In her research, Dr. Luthar has linked the second cause—parental criticism, or even the mere perception of it—with elevated levels of depression and anxiety among affluent youths, particularly for girls. The feeling that we have to be perfect in order to be worthy of our parents’ acceptance was my personal affliction.

Truth be told, I didn’t need to read a bunch of studies to know that there are serious problems afflicting the younger generations of prominent families. Attend any private school function or any philanthropic event and you’ll be surrounded by second- and third-generation people of affluence who are grappling to understand their place in the world, as I did; struggling to define who they are and frantically seeking fulfillment all the while suffering from intense guilt because they can’t imagine why they feel so empty when they’ve been given so much.

Like so many of these people, I did not see my full value as a person. For decades, I felt insignificant, questioning who I am and why I’m here. By the time I was in my mid-40s, I desperately wanted to help myself out of this sad slump. Most of all, I wanted to do whatever I could to ensure that the same fate didn’t befall my three young daughters.

With those lofty goals as my inspiration, I set out on a journey of self-discovery, which has led me to helping others also leave the shadow of their looming family trees. By doing so, we show our parents what we can do, while still being open to learning from their wisdom and experience.

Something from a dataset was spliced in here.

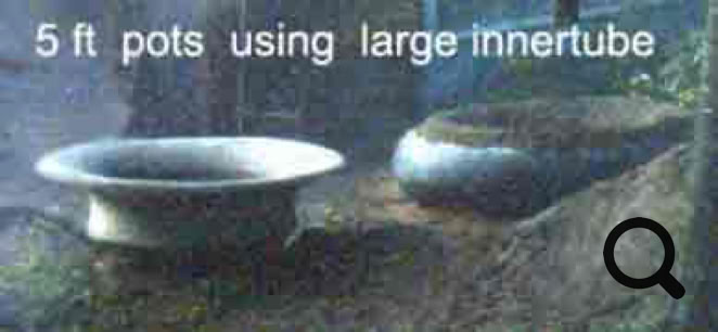 After the cement / concrete has been formed, compacted and dewatered in the mold, the exposed surface can be finished. Often that condition has been adequate, in my mind, with no further treatment. One very nice surface treatment is to simply spray lightly, misting is better yet. The fines will quickly wash away from the surface only. Now larger aggregate is exposed. Curved work will always drain these fines . The resulting pool of fines and water can then be vacuumed out, or perchance they will drain to mold edge. One can leave them or scrape them away, (the water having neatly drained into sand). Another popular wall finish half mists the fresh cement surface to leave fine patterns of exposed aggregate outlined by wavelets of cement fines. In this case, barely enough mist is applied to wash a small area, and the run off is insufficient to stream. Still another very popular finish is fossilized leaves. Beautiful patterns are obtained from leaves of almost any plant or weed. Leaves can be carefully placed on sand molds and poured with stiffer but not too course a mix, (and preferably no excess water in the mix, except to compensate for evaporation during pour). Concrete with larger aggregate can be applied after coating the leaf surface. The leaves produce fossil effects which are prized by customers and clients. I also sold many basins which utilized pretty patterns found inside and outside select tires. Additionally, tire inner tubes offered a completely new dimension for other molding effects. For non-earth, nonabsorbent molding it is very important to use low water mixes since excess water will tend to group and become trapped at the nonabsorbent surface... This will appear as voids on your molded surface. Visible voids like this suggest that your thicker sections might also have voids and this affects the overall strength. I combined sand molding with inner tube and tire molding, so I applied wet mix to sand and drier mix to the rubber, within the same product. The rubber needs mold release. Economical releases include diluted soap, wax or grease. Solution was painted on and allowed to dry. Application of cement could not allow much disturbance of the rubber surface to avoid allowing these releases to absorb into cement. Spraying on a gel coat of cement before cement application, gives the smoothest result, but I rarely fussed that much.

That is the key to building the next generation to lead the family business. Not by controlling and judging, even via those subtle cues you may not realize you are sending, but by recognizing that the next branch of the family tree can reach much further. They just need confidence and belief to do it, without being subconsciously held back.

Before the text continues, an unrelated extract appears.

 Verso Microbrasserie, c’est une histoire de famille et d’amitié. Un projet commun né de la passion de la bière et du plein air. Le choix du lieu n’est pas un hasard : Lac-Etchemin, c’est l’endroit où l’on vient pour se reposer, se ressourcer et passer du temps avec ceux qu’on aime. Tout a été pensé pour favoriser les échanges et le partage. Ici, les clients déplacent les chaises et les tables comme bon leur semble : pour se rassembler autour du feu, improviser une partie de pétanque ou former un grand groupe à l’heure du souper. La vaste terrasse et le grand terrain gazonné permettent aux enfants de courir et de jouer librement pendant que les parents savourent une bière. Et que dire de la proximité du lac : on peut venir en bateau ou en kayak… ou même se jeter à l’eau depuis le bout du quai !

If this sounds like you, then we should talk. I’ve been where you are. And I believe I can guide you to a spot in the sunlight.


  1. Charles Eckhart, PhD on March 28, 2023 at 4:09 am

    Danielle, what a thoughtful, self-reflective article using your own experience as a guide. I appreciate your description of your own sort of crisis of insight in your 40’s, not wanting to pass this to your daughters. I’ll read Dr Luthiar’s research, it sounds very important, though unsurprising. In my view, developing identity for all young adults is a challenge, and takes time, struggle, and periods of self doubt. For rising gen, with the spector of a prominent family name, and big parental and societal expectations (with some criticism thrown in), rising gen young adults face big hurdles. If they can overcome it, much opportunity for fulfillment and giving back can be found. I appreciate your articles contribution to the literature on rising gen.

    • Danielle on June 15, 2023 at 8:18 pm

      Thank you for your reflection Charles. Having the courage to keep moving forward is key. As you said “overcome it, much opportunity for fulfillment and giving back can be found.”